* _What is required_
Below this line is a listing that includes pictures. Copy exactly, and only, the lines from the one containing "Mysig mörkgrön stickad" through the one containing "Roosevelt Hotel)にて発表した。(c)AFP/Getty Images"; the pictures do not go in the copy.

* _Material provided_
%%

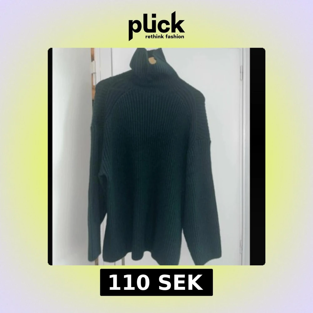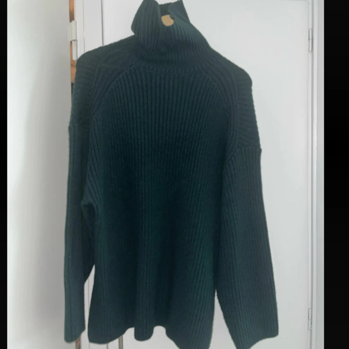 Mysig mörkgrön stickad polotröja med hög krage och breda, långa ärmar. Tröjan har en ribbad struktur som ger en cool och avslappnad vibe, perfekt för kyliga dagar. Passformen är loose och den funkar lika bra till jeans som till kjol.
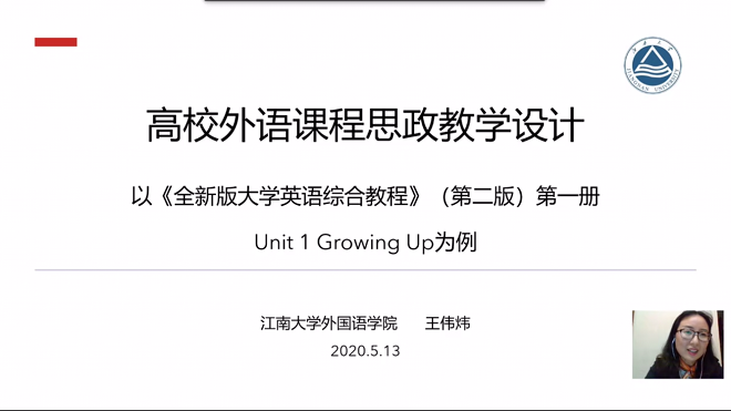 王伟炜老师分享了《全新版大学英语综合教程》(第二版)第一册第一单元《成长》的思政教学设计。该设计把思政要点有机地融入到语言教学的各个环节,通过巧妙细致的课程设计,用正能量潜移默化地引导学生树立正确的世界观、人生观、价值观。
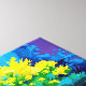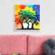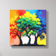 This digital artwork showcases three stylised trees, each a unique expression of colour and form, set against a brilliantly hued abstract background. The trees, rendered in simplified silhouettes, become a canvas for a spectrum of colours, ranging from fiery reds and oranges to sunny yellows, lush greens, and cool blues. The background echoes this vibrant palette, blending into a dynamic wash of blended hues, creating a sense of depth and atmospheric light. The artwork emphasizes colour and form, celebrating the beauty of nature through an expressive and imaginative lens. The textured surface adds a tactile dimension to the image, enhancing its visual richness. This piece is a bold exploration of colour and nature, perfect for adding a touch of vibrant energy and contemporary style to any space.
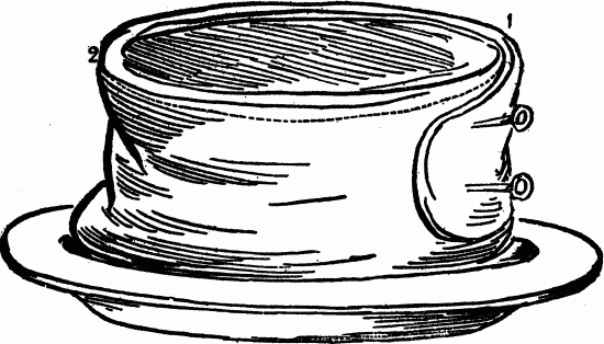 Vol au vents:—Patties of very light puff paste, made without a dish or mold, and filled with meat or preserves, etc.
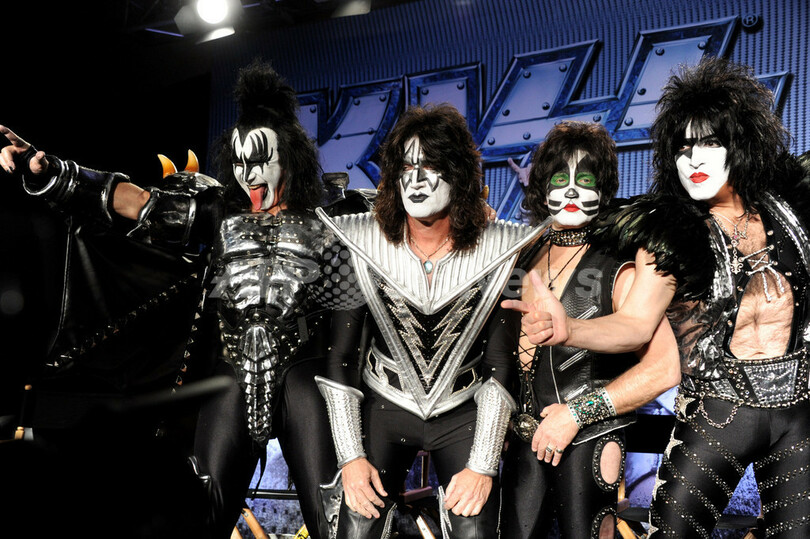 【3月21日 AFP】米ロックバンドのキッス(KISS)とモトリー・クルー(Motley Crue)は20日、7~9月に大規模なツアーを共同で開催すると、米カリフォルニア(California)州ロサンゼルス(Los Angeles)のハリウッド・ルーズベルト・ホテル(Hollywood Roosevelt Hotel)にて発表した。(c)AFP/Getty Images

%%
%%

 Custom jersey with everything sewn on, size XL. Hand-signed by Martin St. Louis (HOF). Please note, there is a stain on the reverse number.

%%

* _Exercise answer_
 Mysig mörkgrön stickad polotröja med hög krage och breda, långa ärmar. Tröjan har en ribbad struktur som ger en cool och avslappnad vibe, perfekt för kyliga dagar. Passformen är loose och den funkar lika bra till jeans som till kjol.
 王伟炜老师分享了《全新版大学英语综合教程》(第二版)第一册第一单元《成长》的思政教学设计。该设计把思政要点有机地融入到语言教学的各个环节,通过巧妙细致的课程设计,用正能量潜移默化地引导学生树立正确的世界观、人生观、价值观。
 This digital artwork showcases three stylised trees, each a unique expression of colour and form, set against a brilliantly hued abstract background. The trees, rendered in simplified silhouettes, become a canvas for a spectrum of colours, ranging from fiery reds and oranges to sunny yellows, lush greens, and cool blues. The background echoes this vibrant palette, blending into a dynamic wash of blended hues, creating a sense of depth and atmospheric light. The artwork emphasizes colour and form, celebrating the beauty of nature through an expressive and imaginative lens. The textured surface adds a tactile dimension to the image, enhancing its visual richness. This piece is a bold exploration of colour and nature, perfect for adding a touch of vibrant energy and contemporary style to any space.
 Vol au vents:—Patties of very light puff paste, made without a dish or mold, and filled with meat or preserves, etc.
 【3月21日 AFP】米ロックバンドのキッス(KISS)とモトリー・クルー(Motley Crue)は20日、7~9月に大規模なツアーを共同で開催すると、米カリフォルニア(California)州ロサンゼルス(Los Angeles)のハリウッド・ルーズベルト・ホテル(Hollywood Roosevelt Hotel)にて発表した。(c)AFP/Getty Images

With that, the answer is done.